Furthermore, if the rumblings are true, MacKinnon could be the first QMJHL player selected first overall since Sidney Crosby went to the Pittsburgh Penguins in 2005.

According to Kim Houston from the NHL's Central Scouting, teams should be very excited if they walk away with either MacKinnon or Drouin. Calling the duo from Halifax two of the top talents in the draft, Houston admits that deciding between the two isn't easy.

"I think MacKinnon is a little more NHL-ready as somebody who might be able to step in next year. For me, Drouin has that state of mind, where he can process things under pressure and select the option that's best for where the puck needs to be. He's a lot more creative with the puck, a little wiser. Where MacKinnon is very strong on the puck, Drouin's very agile with the puck, the stops and starts. He gives defensemen fits trying to contain him. I just think MacKinnon's physical aspect to the game will really help him next year."

Here's a look at the top QMJHL players eligible for this year's draft.

1. Nathan MacKinnon, C – Halifax Mooseheads

"Nate the Great" and "Stop winnin' for MacKinnon." These two catchphrases have followed Nathan MacKinnon all season long and while he hasn't always been considered the de facto top prospect for this year's draft, the eyes and ears of the entire hockey community closely watched this young man from Cole Harbour. By and large, the 17-year-old rose to the challenge when it mattered most.
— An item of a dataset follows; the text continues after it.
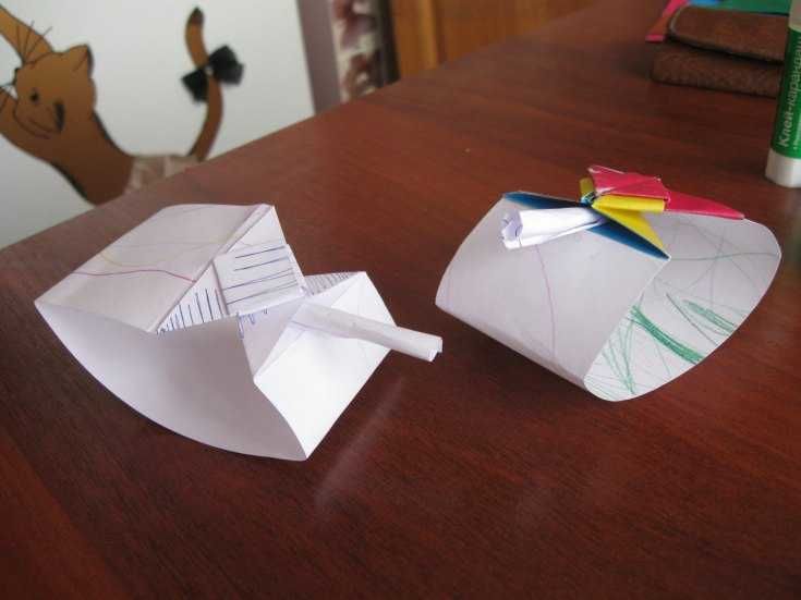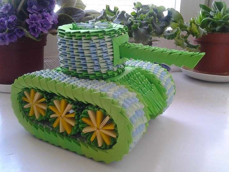 Най-простият вариант е занаят, направен от хартия. Ще анализираме как да направим резервоар оригами.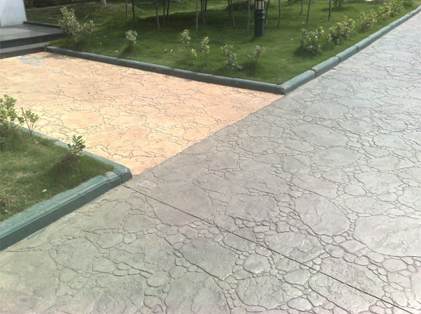 2、用該硬化劑材料制作的壓模地坪具有耐磨、防滑、抗凍、不易起塵、易清潔、高強度、耐沖擊、且色彩和款式方面有廣泛的選擇性、成本低和綠色環保等特點,是目前園林、市政、停車場、公園小道、商業和文化設施領域的理想選擇。

Struggling in a minor role for Team Canada at the World Juniors and unable to make an impact at the Top Prospects Game, MacKinnon fell behind fellow top prospect Seth Jones in most draft projections and faced a strong challenge from linemate Jonathan Drouin to fall even further. After missing some time in the second half, MacKinnon finished the year with 32 goals and 75 points in 44 games and then brought his game to a whole new level in the post-season. In 17 playoff matches, he scored 11 goals and had 33 points to help lead the team to a berth at the Memorial Cup. At the CHL championship, his seven goals and 13 points in four tournament games paced the Mooseheads to their first Memorial Cup win and has vaulted MacKinnon back into strong consideration to be drafted first overall this year.

Mooseheads Assistant Coach Jim Midgley's take: "He's a top prospect and I'm sure he's got a lot of pressure on him, but he doesn't say it or show it. He's a guy who is in the spotlight and I think he's handled himself real well, on the ice and off the ice. He's got tremendous skill and tremendous upside and he's just going to continue to grow and mature as he gets older and continues on in his career."

2. Jonathan Drouin, LW – Halifax Mooseheads

As impressive as MacKinnon was this season, his linemate Jonathan Drouin was actually more productive in this, his first full season in the QMJHL. In just 49 games, Drouin potted 41 goals and finished with 105 points, narrowly missing the QMJHL scoring lead despite missing 19 games. Furthermore, as a member of Team Canada, Drouin worked his way up the lineup, eventually filling a top six role as a 17-year-old and contributing two goals and four points in six games.

Just like his partner in crime MacKinnon, Drouin found another gear in the playoffs. He led the QMJHL in post season scoring with 12 goals and 35 points in 17 games. In Memorial Cup play, he added another goal and nine points in four games to his tally.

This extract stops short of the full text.